Cultiver la bienveillance envers soi
Nous l’avons déjà identifié : nous vivons dans une culture qui encourage la sur-performance, c’est-à-dire une adaptation parfaite aux normes sociales de réussite et ce, en tout temps, dans toutes les sphères de nos vies. Quel fardeau… Résister au poids de ce fardeau implique d’abord d’en prendre conscience, et, d’autre part, d’y faire contre-poids. Malheureusement, la pression sociale fait en sorte que nous internalisons ces normes externes et devenons nos propres bourreaux : nous jetons sur nos performances un regard constamment insatisfait, exigeant sans cesse de nous-mêmes d’en faire plus, de réussir mieux.

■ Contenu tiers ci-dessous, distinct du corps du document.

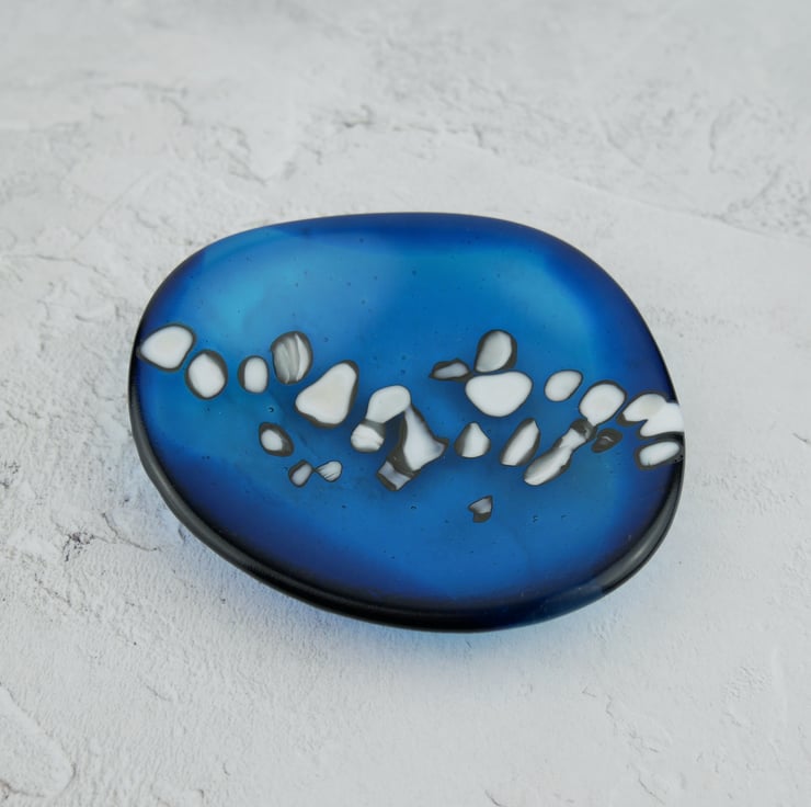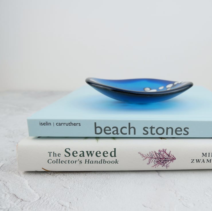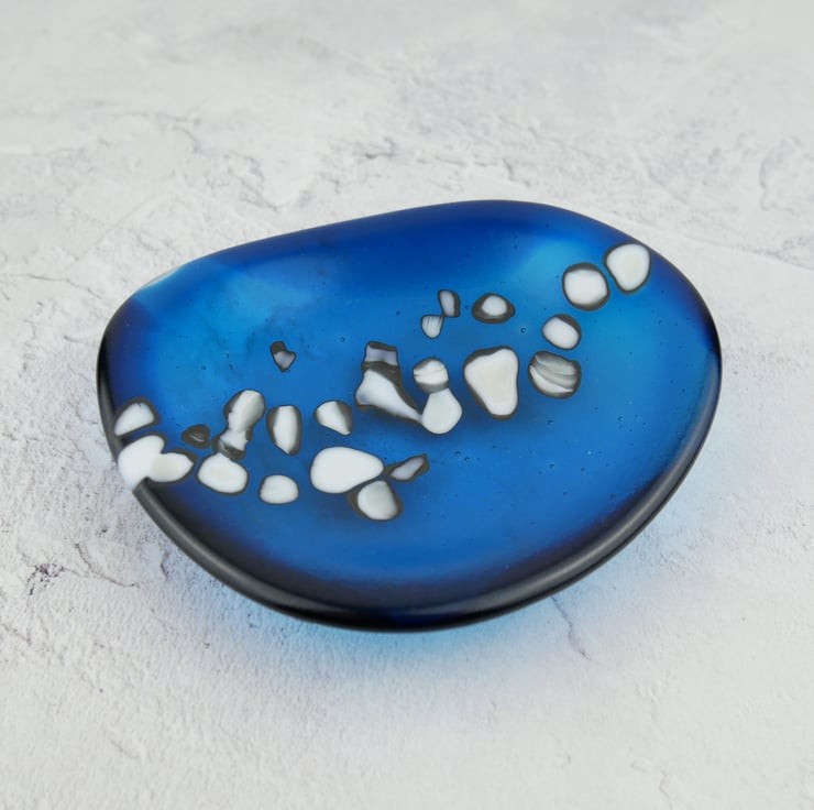 A lovely tactile little dish in a rich deep blue glass with a scattering of white glass "pebbles" across the smooth surface. This small fused glass dish is great size for keeping your favourites rings and earrings in overnight.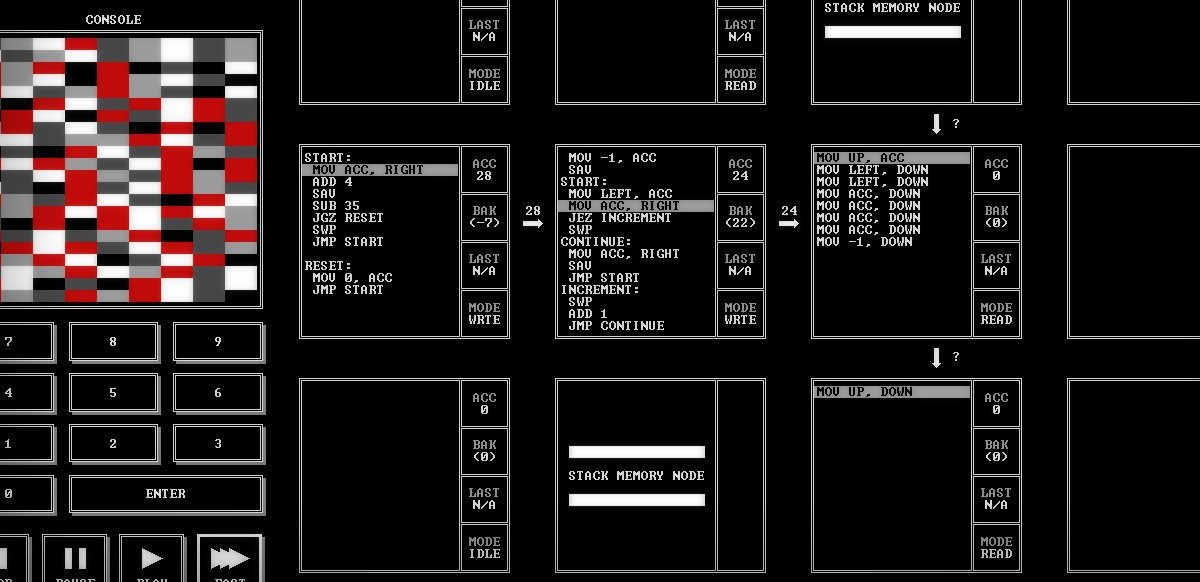 Minimalismus im Extrem: Auf einer schwarz/weißen Oberfläche erlebt man kein Abenteuer, löst keine Rätsel. Man programmiert die Lösung komplexer Aufgaben. Statt einer Erfolgsmeldung folgt eine Statistik über den Rechenaufwand des fertig geschriebenen Programms. TIS-100 fordert die grauen Zellen. TIS-100 ist Arbeit. Wo steckt da der Spaß?

Faire contre-poids, c’est donc contrer le jugement critique et le regard accusateur, c’est-à-dire cultiver la bienveillance envers soi. Cultiver cette bienveillance signifie qu’on prend conscience de ses limites, de ses zones de fragilité et qu’on les prend en considération dans nos prises de décision. Par exemple, plutôt que d’espérer pouvoir en tout temps « se gérer » et confronter les sources de stress, pourquoi ne pas s’accorder le droit de s’éloigner momentanément de ces sources de stress? Cette mise à distance est souvent interprétée comme de la fuite; pourquoi ne pas y voir plutôt la capacité à prendre soin de soi? Plutôt que d’essayer de tout réussir parfaitement en même temps, pourquoi ne pas admettre que nous avons des ressources limitées et tout simplement prioriser ce qui est le plus important pour nous? Alors que certains y voient un constat d’échec, pourquoi ne pas y voir la capacité de faire des choix éclairés quant à ce qui est bon pour nous?
La majorité des personnes que j’ai rencontrées alors qu’elle traversaient un épisode de « burn-out » sont entrées dans mon bureau avec l’attente d’apprendre à exceller dans la gestion de leur stress, mais leurs apprentissages ne se sont pas limités à une meilleure « gestion de soi ». Elles ont appris qu’elles étaient plus compétentes qu’elles ne le croyaient : elles avaient à leur disposition tout un bagage de connaissances et d’expériences dans lequel puiser pour se ressourcer. Elles ont également accepté le pari de s’accorder du temps, plutôt que de tenter sans cesse de le gérer. Finalement, elle ont également pris conscience de leurs limites et de la façon d’en tenir compte dans leurs choix de vie.
En résumé, poser un regard bienveillant entre individus, au sein des organisations et d’un point de vue collectif permet d’offrir une perspective plus nuancée sur nos normes sociales de performance et de réfléchir à des réponses plus adaptées à la souffrance au travail.